_Provided data_:
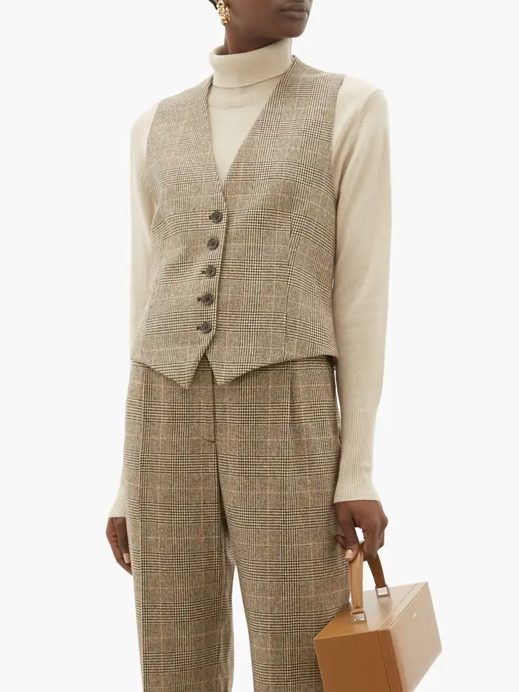 Het Angelina-vest van Nili Lotan in een Prince of Wales-ruit (Matches Fashion € 345)
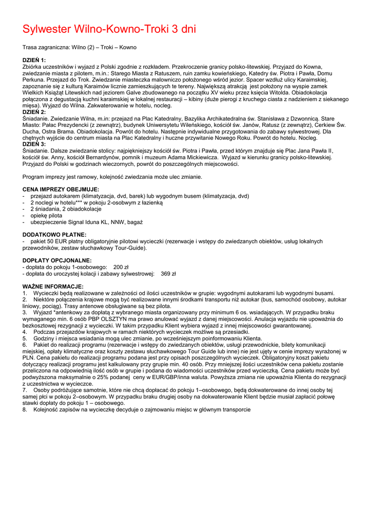 Sylwester Wilno-Kowno-Troki 3 dni Trasa zagraniczna: Wilno (2) – Troki – Kowno DZIEŃ 1: Zbiórka uczestników i wyjazd z Polski zgodnie z rozkładem. Przekroczenie granicy polsko-litewskiej. Przyjazd do Kowna, zwiedzanie miasta z pilotem, m.in.: Starego Miasta z Ratuszem, ruin zamku kowieńskiego, Katedry św. Piotra i Pawła, Domu Perkuna. Przejazd do Trok. Zwiedzanie miasteczka malowniczo położonego wśród jezior. Spacer wzdłuż ulicy Karaimskiej, zapoznanie się z kulturą Karaimów licznie zamieszkujących te tereny. Największą atrakcją jest położony na wyspie zamek Wielkich Książąt Litewskich nad jeziorem Galve zbudowanego na początku XV wieku przez księcia Witolda. Obiadokolacja połączona z degustacją kuchni karaimskiej w lokalnej restauracji – kibiny (duże pierogi z kruchego ciasta z nadzieniem z siekanego mięsa). Wyjazd do Wilna. Zakwaterowanie w hotelu, nocleg. DZIEŃ 2: Śniadanie. Zwiedzanie Wilna, m.in: przejazd na Plac Katedralny, Bazylika Archikatedralna św. Stanisława z Dzwonnicą. Stare Miasto: Pałac Prezydencki (z zewnątrz), budynek Uniwersytetu Wileńskiego, kościół św. Janów, Ratusz (z zewnątrz), Cerkiew Św. Ducha, Ostra Brama. Obiadokolacja. Powrót do hotelu. Następnie indywidualne przygotowania do zabawy sylwestrowej. Dla chętnych wyjście do centrum miasta na Plac Katedralny i huczne przywitanie Nowego Roku. Powrót do hotelu. Nocleg. DZIEŃ 3: Śniadanie. Dalsze zwiedzanie stolicy: najpiękniejszy kościół św. Piotra i Pawła, przed którym znajduje się Plac Jana Pawła II, kościół św. Anny, kościół Bernardynów, pomnik i muzeum Adama Mickiewicza. Wyjazd w kierunku granicy polsko-litewskiej. Przyjazd do Polski w godzinach wieczornych, powrót do poszczególnych miejscowości. Program imprezy jest ramowy, kolejność zwiedzania może ulec zmianie. CENA IMPREZY OBEJMUJE: - przejazd autokarem (klimatyzacja, dvd, barek) lub wygodnym busem (klimatyzacja, dvd) - 2 noclegi w hotelu*** w pokoju 2-osobwym z łazienką - 2 śniadania, 2 obiadokolacje - opiekę pilota - ubezpieczenie Signal Iduna KL, NNW, bagaż DODATKOWO PŁATNE: - pakiet 50 EUR płatny obligatoryjnie pilotowi wycieczki (rezerwacje i wstępy do zwiedzanych obiektów, usług lokalnych przewodników, zestaw słuchawkowy Tour-Guide). DOPŁATY OPCJONALNE: - dopłata do pokoju 1-osobowego: 200 zł - dopłata do uroczystej kolacji i zabawy sylwestrowej: 369 zł WAŻNE INFORMACJE: 1. Wycieczki będą realizowane w zależności od ilości uczestników w grupie: wygodnymi autokarami lub wygodnymi busami. 2. Niektóre połączenia krajowe mogą być realizowane innymi środkami transportu niż autokar (bus, samochód osobowy, autokar liniowy, pociąg). Trasy antenowe obsługiwane są bez pilota. 3. Wyjazd *antenkowy za dopłatą z wybranego miasta organizowany przy minimum 6 os. wsiadających. W przypadku braku wymaganego min. 6 osób PBP OLSZTYN ma prawo anulować wyjazd z danej miejscowości. Anulacja wyjazdu nie upoważnia do bezkosztowej rezygnacji z wycieczki. W takim przypadku Klient wybiera wyjazd z innej miejscowości gwarantowanej. 4. Podczas przejazdów krajowych w ramach niektórych wycieczek możliwe są przesiadki. 5. Godziny i miejsca wsiadania mogą ulec zmianie, po wcześniejszym poinformowaniu Klienta. 6. Pakiet do realizacji programu (rezerwacje i wstępy do zwiedzanych obiektów, usługi przewodnickie, bilety komunikacji miejskiej, opłaty klimatyczne oraz koszty zestawu słuchawkowego Tour Guide lub inne) nie jest ujęty w cenie imprezy wyrażonej w PLN. Cena pakietu do realizacji programu podana jest przy opisach poszczególnych wycieczek. Obligatoryjny koszt pakietu dotyczący realizacji programu jest kalkulowany przy grupie min. 40 osób. Przy mniejszej ilości uczestników cena pakietu zostanie przeliczona na odpowiednią ilość osób w grupie i podana do wiadomości uczestników przed wycieczką. Cena pakietu może być podwyższona maksymalnie o 25% podanej ceny w EUR/GBP/inna waluta. Powyższa zmiana nie upoważnia Klienta do rezygnacji z uczestnictwa w wycieczce. 7. Osoby podróżujące samotnie, które nie chcą dopłacać do pokoju 1–osobowego, będą dokwaterowane do innej osoby tej samej płci w pokoju 2–osobowym. W przypadku braku drugiej osoby na dokwaterowanie Klient będzie musiał zapłacić połowę stawki dopłaty do pokoju 1 – osobowego. 8. Kolejność zapisów na wycieczkę decyduje o zajmowaniu miejsc w głównym transporcie
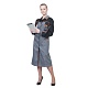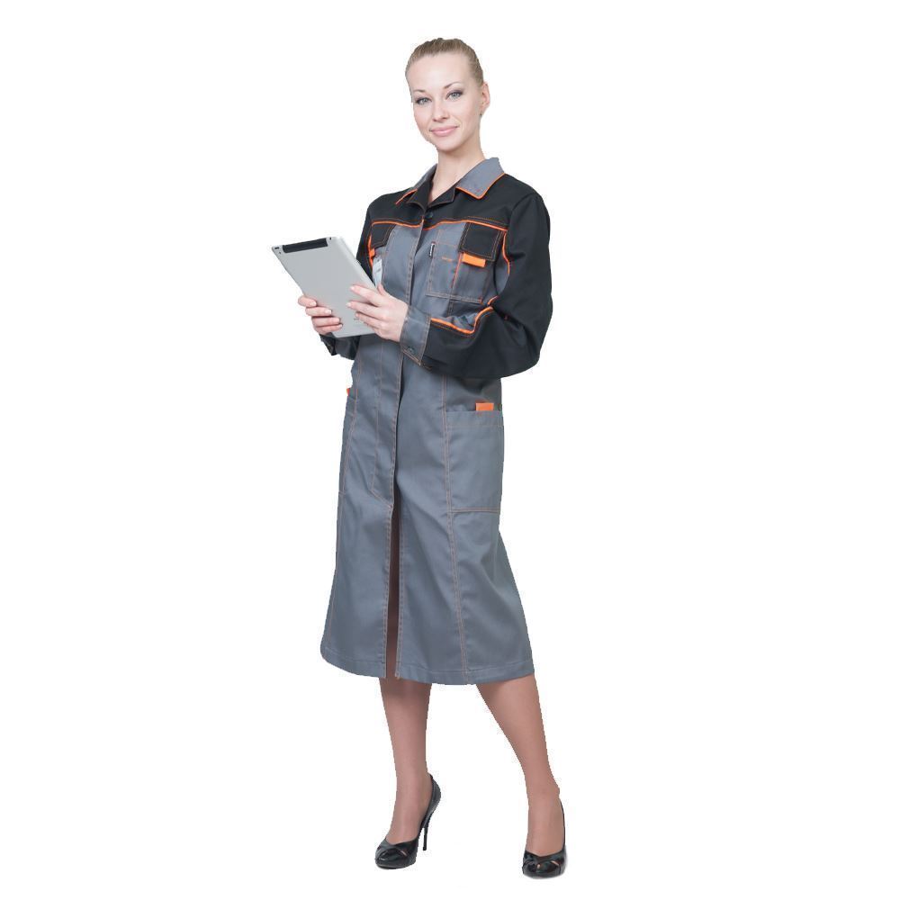 Халат женский: прямого силуэта, со шлицей, центральная супатная застежка на пуговицы. Полочка и спинка на кокетке с кантом и рельефами. На спинке люверсы для вентиляции. Рукава втачные, трехшовные с отделочным кантом, с манжетами, с декоративным разрезом в нижнем шве. Воротник отложной, с кантом.
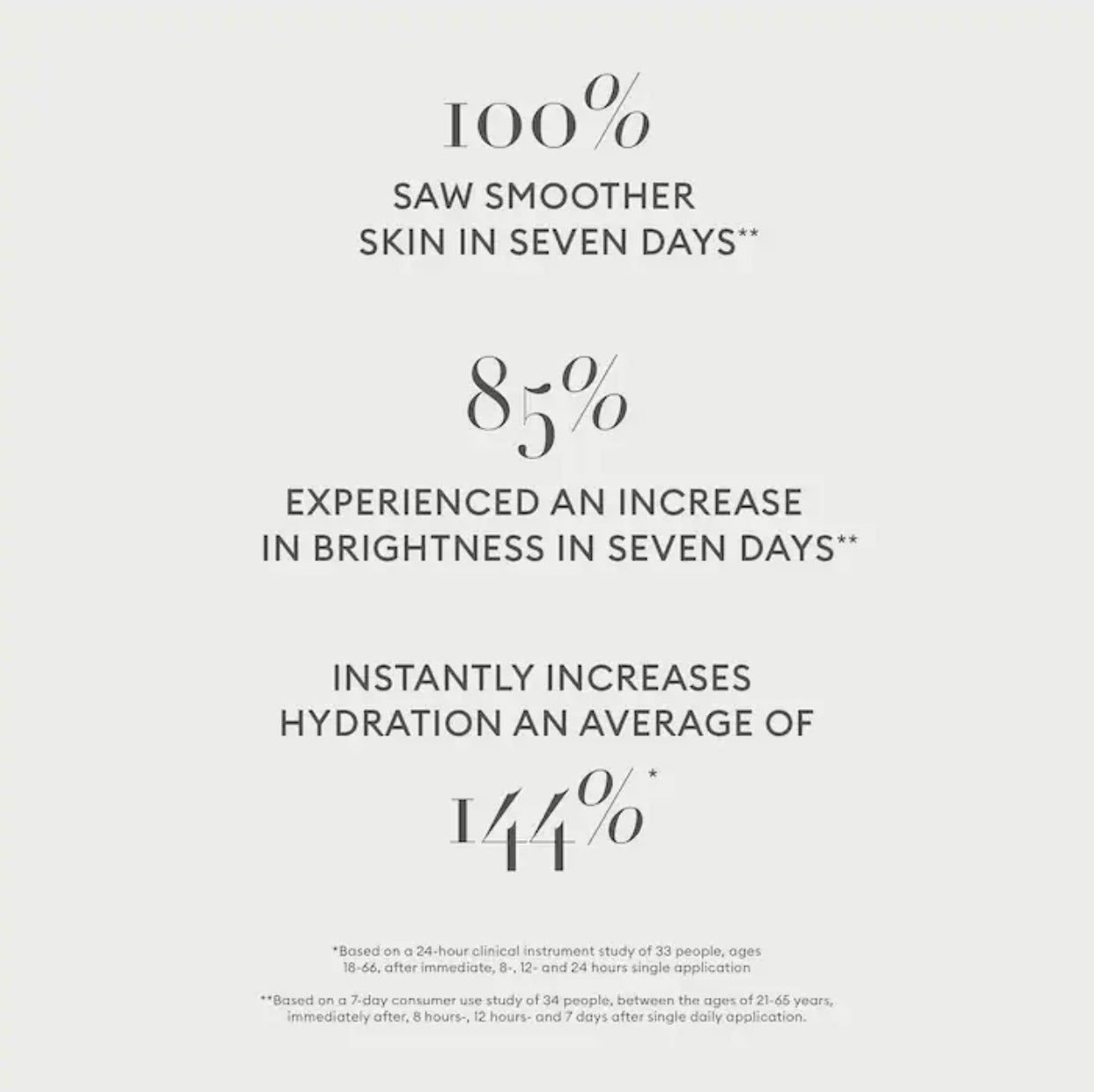 - Hialuronato de sodio: Visiblemente rellena la piel y suaviza la apariencia de las líneas finas.

_Your goal_: Starting with the line that contains "Халат женский: прямого", repeat each line exactly until the listing ends, including the last one. Leave pictures out.

_Solution for this problem_:
 Халат женский: прямого силуэта, со шлицей, центральная супатная застежка на пуговицы. Полочка и спинка на кокетке с кантом и рельефами. На спинке люверсы для вентиляции. Рукава втачные, трехшовные с отделочным кантом, с манжетами, с декоративным разрезом в нижнем шве. Воротник отложной, с кантом.
 - Hialuronato de sodio: Visiblemente rellena la piel y suaviza la apariencia de las líneas finas.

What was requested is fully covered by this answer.